Molecular dynamics (MD) is fully deterministic and Markovian in the phase space. However, for a driven system such as those studied here, the Markovianity can be violated by discarding velocity information. The removal of velocities leads to a projection to a lower dimensional space that is not Markovian.^31–33 In this work, longtime correlations are removed in one case by randomly resetting the system velocities and in another case by construction of MSM without the velocity information. We investigate whether such a treatment of a weakly non-Markovian process as Markovian will introduce an appreciable error. This paper is organized as follows: The model system is described in Sec. II. The results are presented in Sec. III, and summary and conclusion are given in Sec. IV.

II. MODEL SYSTEM

In this study, we will investigate the first passage time (FPT) of a driven atom in super-critical Ar at a relatively high density. The simulation box contains 328 Ar atoms at a density of 34.04 mol/L and a temperature of 200 K.

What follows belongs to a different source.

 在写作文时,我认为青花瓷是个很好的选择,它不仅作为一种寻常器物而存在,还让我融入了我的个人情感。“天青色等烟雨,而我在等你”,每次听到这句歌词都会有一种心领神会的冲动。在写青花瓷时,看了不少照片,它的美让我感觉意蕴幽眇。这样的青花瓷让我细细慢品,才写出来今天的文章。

The Ar atoms are modeled with a Lennard-Jones potential V_LJ

$$V_{LJ}\left(r\right)=4\mathrm{\epsilon }\left[{\left(\frac{\mathrm{\sigma }}{r}\right)}^{12}-{\left(\frac{\mathrm{\sigma }}{r}\right)}^6\right],$$ (1)

with an atomic size parameter, σ, of 0.3405 nm and a well depth, ε, of 0.9980 kJ/mol.³⁴ The Ar model has a critical point of 162.92 K and 15.14 mol/L.³⁵ The 200 K simulation temperature is thus above the critical point and the box density corresponds to the density of a liquid below the critical temperature.³⁶ Unlike systems with slow hydrogen bond relaxations, a rare gas system intrinsically decorrelates much faster; thus, we are able to study the effect of applied correlated force with relatively short trajectories.

At these simulation conditions, the root mean square force is measured to be 7.847 kJ/(mol Å). For one of the 328 Ar atoms, we apply a constant biasing force of 0.0965 kJ/(mol Å), which is slightly more than 1% of the root mean square force resulting from random collisions at this temperature. The special particle with the constant driving force will be referred to as the tagged particle. The simulation is performed in an orthorhombic box with dimensions of 2 nm × 2 nm × 4 nm. The weak biasing force is applied along the longer dimension of the box, z. The FPT is defined as the time it takes for the tagged particle to travel the full length of 4 nm along z for the first time. Since the driving force is very small, it is easy to understand that the particle has almost equal probability of traveling along or opposite to the direction of the force over short distances. However, the integrated driving force for travelling over 4 nm will be 3.86 kJ/mol, which is more than two times the thermal energy RT at 200 K. Thus, over a larger distance, the effect of the bias can be substantial. Since the system is always near equilibrium, the probability can be approximated with the Boltzmann distribution. With the 4 nm box size, the probability of travelling the opposite direction for 4 nm is about 1% (9.6 × 10⁻³) of that for the particle to travel along the direction of the driving force for 4 nm. We note that the particle trajectory is continuously tracked until it passes the 4 nm mark in the positive direction. We do allow the particle to travel as far in the opposite direction as it needs.

Although a small work is being done to the system as a result of the external driving force, this work is negligibly small when compared to the total energy. In addition, the system temperature is maintained with the Nosé-Hoover thermostat^37,38 with a 2 ps relaxation time. The equation of motion is integrated with a 5 fs timestep.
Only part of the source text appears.